By Louise Auty     Feb 13, 2012 in Politics
London - In another move which critics will see as targeting the less well off, HM Revenue & Customs (HMRC) has announced new measures aimed at those involved in direct selling.
In a press release issued earlier this week, HMRC warned those involved in direct selling, which covers everything from Ann Summers parties to Avon delivery ladies, that they need to get their taxes in order before the new technology comes on line in the next 12 months.
HMRC will use new technology to search the Internet for information about specified, targeted people and businesses as part of two new campaigns.
They will focus on missing returns, those involved in the home improvement trades and those who use direct selling as a means of generating income. As with previous campaigns, the focus of the new campaigns will be on providing those in the selected groups, who may not be paying the tax they owe, a chance to put their affairs in order on the best possible terms.

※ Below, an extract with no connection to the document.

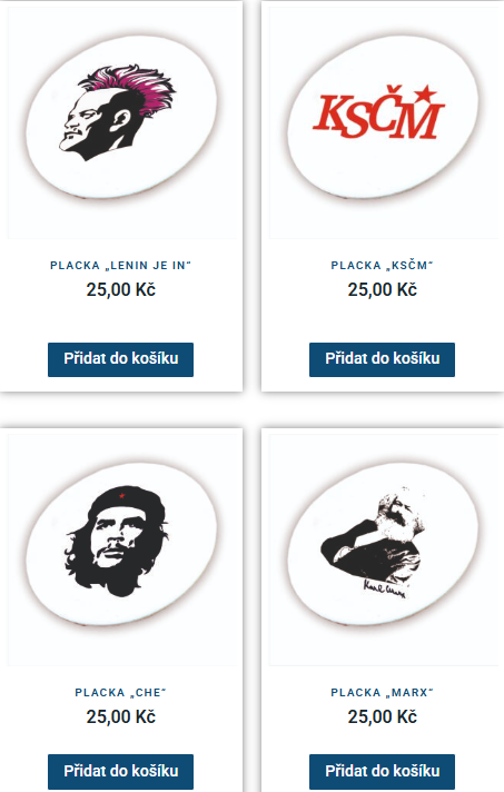 Printscreeny z e-shopu KSČM z počátku prosince 2025

Marian Wilson, of HMRC’s Risk and Intelligence, said: "Most people pay their taxes in full and on time, so it is right that HMRC works hard to secure payment from those who have not come forward.
"Using new technology, we have been able to analyse returns to HMRC covering a range of taxes and to cross-reference these with other information to build a picture of where we believe we have taxpayers with missing returns."
The number of people using direct selling to create income through hosting parties at home has risen in recent years with newer companies such as Jamie at Home and Pampered Chef joining the traditional long time favourites like Ann Summers and Avon.
HMRC is also going to be looking at sites like eBay and checking to make sure that those buying and selling as a business using the service are paying the necessary taxes.
Ms Wilson added: "We will use the same technology to analyse information gathered to support the following two campaigns and for each campaign, after the opportunity has closed, we will use the information we have to pursue those who choose not to use the chances we provide to put their affairs in order.
"We are offering all the people targeted the opportunity to come forward. Penalties will be higher if we come and find people after the opportunity. A criminal investigation may also result. I therefore urge them to disclose unpaid tax voluntarily."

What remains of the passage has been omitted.